Anyone who is concerned about dwindling affordable and workforce housing in Portland should be paying close attention to the 140 affordable units in the Munjoy South complex. Now bracketed near the eastern waterfront by multiple upscale hotels as well as Covetrus, Wex, the Roux Institute and Portland Foreside, the owners of Munjoy South are likely evaluating the prospects for terminating or aggressively reinterpreting the covenants that protect its affordable housing. How soon could they replace the complex with yet one more glass and steel building to house the growing monoculture of very wealthy individuals in the rapidly developing enclave?
Unlike its neighbors, Munjoy South is a thriving and economically and racially diverse neighborhood.

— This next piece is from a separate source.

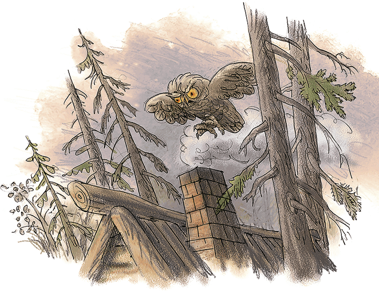 Засмеялась Сова, заохала, а Баба-Яга ей из окошка кричит:

Its 29 buildings include units with between one and four bedrooms, available to tenants whose income is either 50%, 60% or 80% of the Portland area median income. Many of the residents are recent immigrants, who tend small gardens to grow unique vegetables. Many are employed and rely on their neighbors to help with child care. It is common for school-aged children to speak two or more languages. The children’s playground is a gathering place for the community and for celebrations.
The threat to this community is real. One has only to look at the threatened loss of 25 units of income-capped housing in Topsham to see how quickly affordability covenants can be threatened by a developer. The owner of Whispering Pines allowed the property to slip into foreclosure and, with the approval of the federal government lender, proposed to sell it to a developer under an agreement that would allow the new owner to eliminate the income caps and exclude tenants without a Section 8 voucher. A competing offer by the local housing authority to purchase the project and maintain the income limits was not accepted by the owner.
Closer to home, Munjoy South is vulnerable to similar sorts of decisions that could be made beyond the control of local decision-makers. The Munjoy South development was built in 1967 using federal urban renewal funds, conditioned on a promise that the 140 units would be available to low-income tenants only, and would be so restricted for the “useful life” of the units, a term of art interpreted as 45 years.
When the complex was sold in 1997, the new owner received some financing that had a 30-year limit on the covenants. Maine Housing (also known as the Maine State Housing Authority) appears to believe that loan also extended the life of the affordability covenant for 45 years, to 2042. The property was sold a second time, in late 2018, and there is reportedly some disagreement between the current owner and Maine Housing as to whether the affordability covenants expire in 2027 (30 years) or in 2042 (45 years). It is also unclear whether Maine Housing would agree to let the owner reorganize the site and build new, upscale units as long as it rebuilds 140 income-limited units somewhere on the site.
While the enforcement of affordability covenants is the job of Maine Housing, the city of Portland should be doing everything possible to support the 45-year interpretation. It should also make it clear that it will not support any proposal that would reconfigure the existing housing into a smaller footprint to make room for the construction of new luxury, high-rise housing. That would result in the displacement of existing residents and the very significant disruption of the unique community that now exists in that location. The City Council should anticipate all possible threats to this complex, and act proactively to protect it. It should take an anticipatory position that it will not entertain amending the zoning to accommodate higher-density luxury housing, whether instead of, or in addition to, the current 140 affordable units.
Munjoy South and its affordable units are too important to the city’s and neighborhood’s racial, economic and cultural diversity for the site to be treated as just one more monocultural development opportunity. To lose them would be an inexcusable tragedy.